Common physical methods comprise fishing, membrane separation, ultraviolet, air flotation, ultrasonic waves and the like, the operation is simple, the harm to the environment is small, but the equipment operation cost and the labor cost are high, the method is suitable for the water body with large-area blue algae outbreak, and the application has certain limitation.
The chemical method is a mode of adding a chemical agent into a water body to kill algae cells or make the algae cells gather together to flocculate and settle so as to inhibit the photosynthesis of the algae cells, comprises an oxidation technology and a photocatalysis technology, has the advantages of good algae killing effect, quick response, wide applicability, simple operation and the like, is suitable for lakes with serious eutrophication, but is easy to cause secondary pollution and has negative influence on the ecological environment.

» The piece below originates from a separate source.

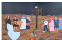
J'aurais aimé être là (XIII- Chemin de la Croix) (2002.175)
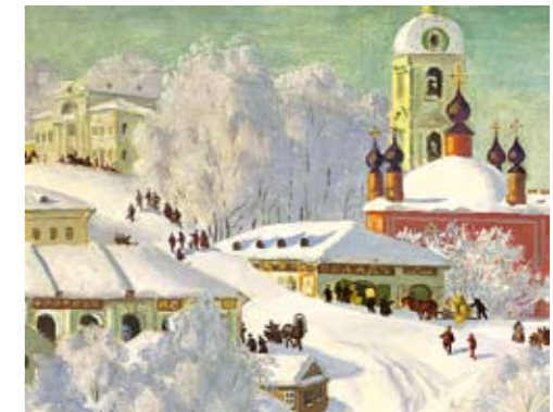
Борис Кустодиев. Весна. Фрагмент. (1921 г.)

По книге «Антоний, святитель Воронежский»

Therefore, aiming at the problems of unstable algae dissolving effect and secondary pollution caused by the current algae control technology, the efficient, stable and safe algae control technology is explored and developed, not only meets the requirement of ecological civilization construction in China, but also has very important function for promoting the effective solution of the cyanobacterial bloom problem in China.
Disclosure of Invention
The invention aims to provide a method for treating water eutrophication by using algae-based charcoal loaded with nano zero-valent iron, and aims to research a novel algae removal method for stably removing cyanobacterial bloom and preventing secondary pollution.
In order to realize the aim, the invention provides a method for treating water eutrophication by using algae-based biochar loaded with nano zero-valent iron, which comprises the following steps:
preparing blue algae-based biochar by using microcystis aeruginosa;
preparing nZVI-loaded cyanobacteria-based biochar based on the cyanobacteria-based biochar;
and (3) utilizing the nZVI loaded cyanobacteria-based biochar to strengthen algae removal.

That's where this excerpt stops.